ML Insights API in 10 minutes¶

This is a short and quick introduction to the ML Insights API for new users. ML Insights’s goal is to provide data and ML monitoring on any volume of data easily and let users customize almost all aspects of the framework to suit their business needs. ML Insights strives to be easy to use, while providing support for most aspects of the overall ML Observability use cases.

This tutorial covers the notebook experience on the library level APIs only. For a docker-based default application, and its set up, there will be another section.

The intended audience consists of, but is not limited, to:

Data scientists who need to quickly evaluate their data to decide on their ML monitoring use cases.
ML Engineers who need to set up long running monitoring process to continuously evaluate their models and data.
ISV teams who need to collate data for their model across their ML model fleet.

Setup¶

The first step will be to pull the library using pip install and install it locally

pip install oracle-ml-insights

Imports¶

First, import a toy data set to be evaluated for the tutorial:

from sklearn.datasets import load_iris
import pandas as pd

Next, import the required ML Insights components:

from mlm_insights.builder.insights_builder import InsightsBuilder
from mlm_insights.constants.types import FeatureType, DataType, VariableType

Note

In the previous code, we’re importing Insights Builder. We can pass on the reference to all components to the builder. Building the builder then returns the workflow component runner.

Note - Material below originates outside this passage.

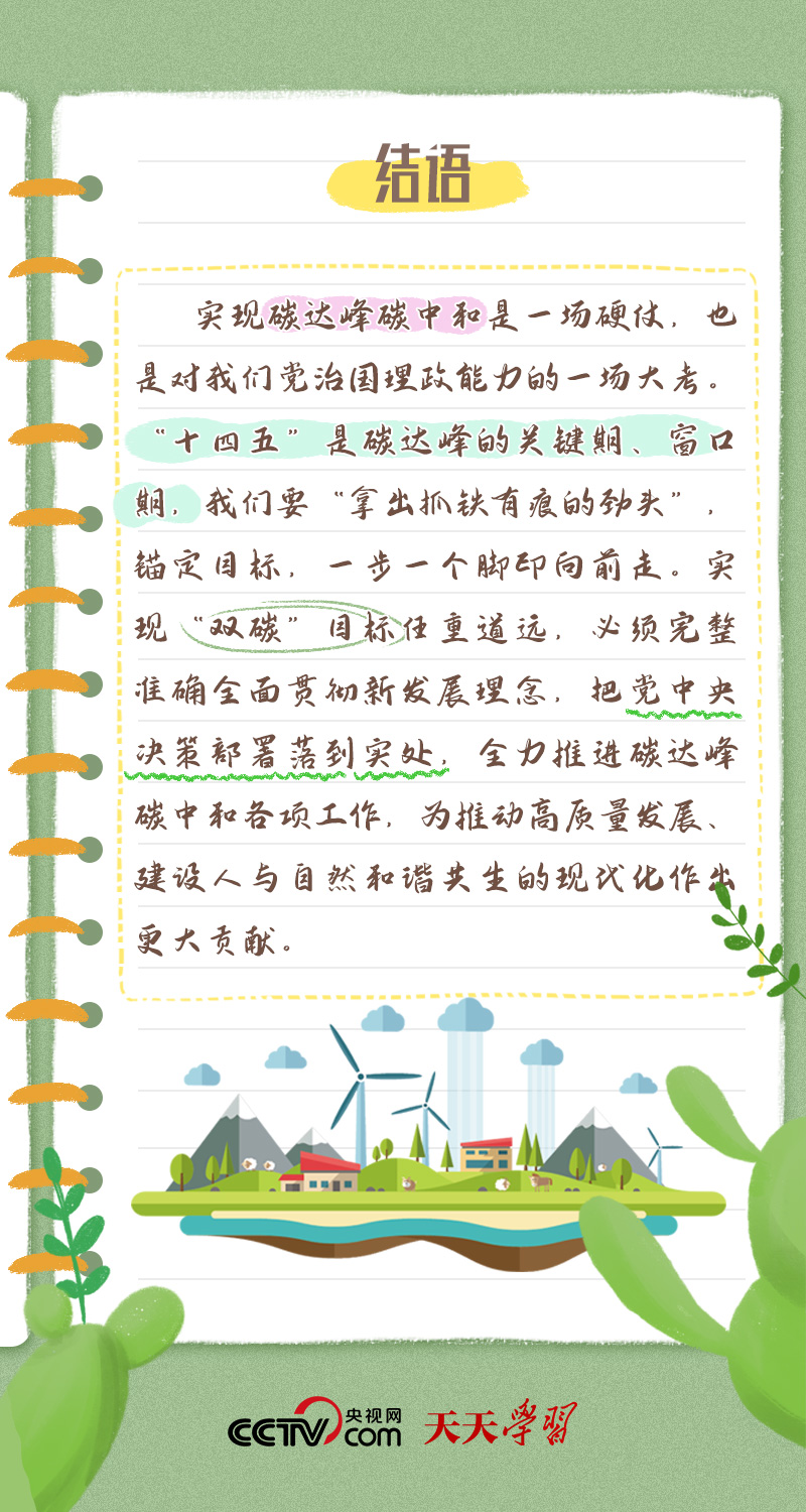 天天學(xué)習(xí)今年全國兩會,習(xí)近平總書記在政協(xié)聯(lián)組會上,對“雙碳”工作作出最新部署??倳洀?qiáng)調(diào):“全面準(zhǔn)確落實(shí)精準(zhǔn)治污、科學(xué)治污、依法治污方針,推動經(jīng)濟(jì)社會發(fā)展綠色化、低碳化,加強(qiáng)資源節(jié)約集約循環(huán)利用,拓展生態(tài)產(chǎn)品價(jià)值實(shí)現(xiàn)路徑,積極穩(wěn)妥推進(jìn)碳達(dá)峰碳中和,為高質(zhì)量發(fā)展注入新動能、塑造新優(yōu)勢?!?/p>

The reader notes extra imports, like feature type, which are supporting types for the schema. Details on these components can be read in the Getting Started section.

Load Data and Schema¶

Next, load the data and store it in a data frame.

iris_dataset = load_iris(as_frame=True)
iris_data_frame = pd.DataFrame(data=iris_dataset.data, columns=iris_dataset.feature_names)

Extract the schema for the previous data set to be passed on to the builder. Automatic schema detection is a future option.

def get_input_schema():
    return {
        "sepal length (cm)": FeatureType(data_type=DataType.FLOAT, variable_type=VariableType.CONTINUOUS),
        "sepal width (cm)": FeatureType(data_type=DataType.FLOAT, variable_type=VariableType.CONTINUOUS),
        "petal length (cm)": FeatureType(data_type=DataType.FLOAT, variable_type=VariableType.CONTINUOUS),
        "petal width (cm)": FeatureType(data_type=DataType.FLOAT, variable_type=VariableType.CONTINUOUS)
    }

Run a Data Evaluation¶

Now that the data is loaded and the data schema defined, pass the data and the schema to the ML Insights Builder component, to return the runner (workflow) component. Insights automatically decides what metrics to evaluate based on a heuristic.

runner = InsightsBuilder(). \
    with_input_schema(get_input_schema()). \
    with_data_frame(data_frame=iris_data_frame). \
    build()

Warning

The builder might raise an exception, if mandatory components are missing or components are incorrectly set up.

With the runner object correctly built, call the run API to get the profile object, which contains all the metric output.

run_result = runner.run()
# Use Materialized View API to see the results
profile = run_result.profile
print(profile.to_pandas())

This will produce a result something like:

What the output means¶

This is a data frame representation of our profile.

The number of rows is equal to the number of features.
Each column corresponds to a specific metric associated with a feature and its values.
Let’s take a look at the generated profile output. We have the generic iris data set here, with the following features
- sepal length
- sepal width
- petal length
- petal width

Given that no metric were asked for explicitly, Insights has automatically decided what metric should be generated for each of the features. The framework runs heuristic based on:

The data type of the feature.
The variable type of the feature.
The column type, for example, if it is an input or prediction column.

The output is shown in tabular format, since the API was used to get the dataframe representation of the profile. However, you can pass on specific post processors to return the profile data in different formats.

Note

In this example, we manually ingested the data into a dataframe and passed on the dataframe to the builder. This is one of the many ways to ingest data. The most commonly used component for ingesting data is the reader component which can directly read and process data in different formats from different storage options. See the Getting Started section for more information.

Once the metrics have been computed, execute Insights Tests/Test Suite for comprehensive validation of machine learning models and data. Please see section Test/Test Suites Component for details.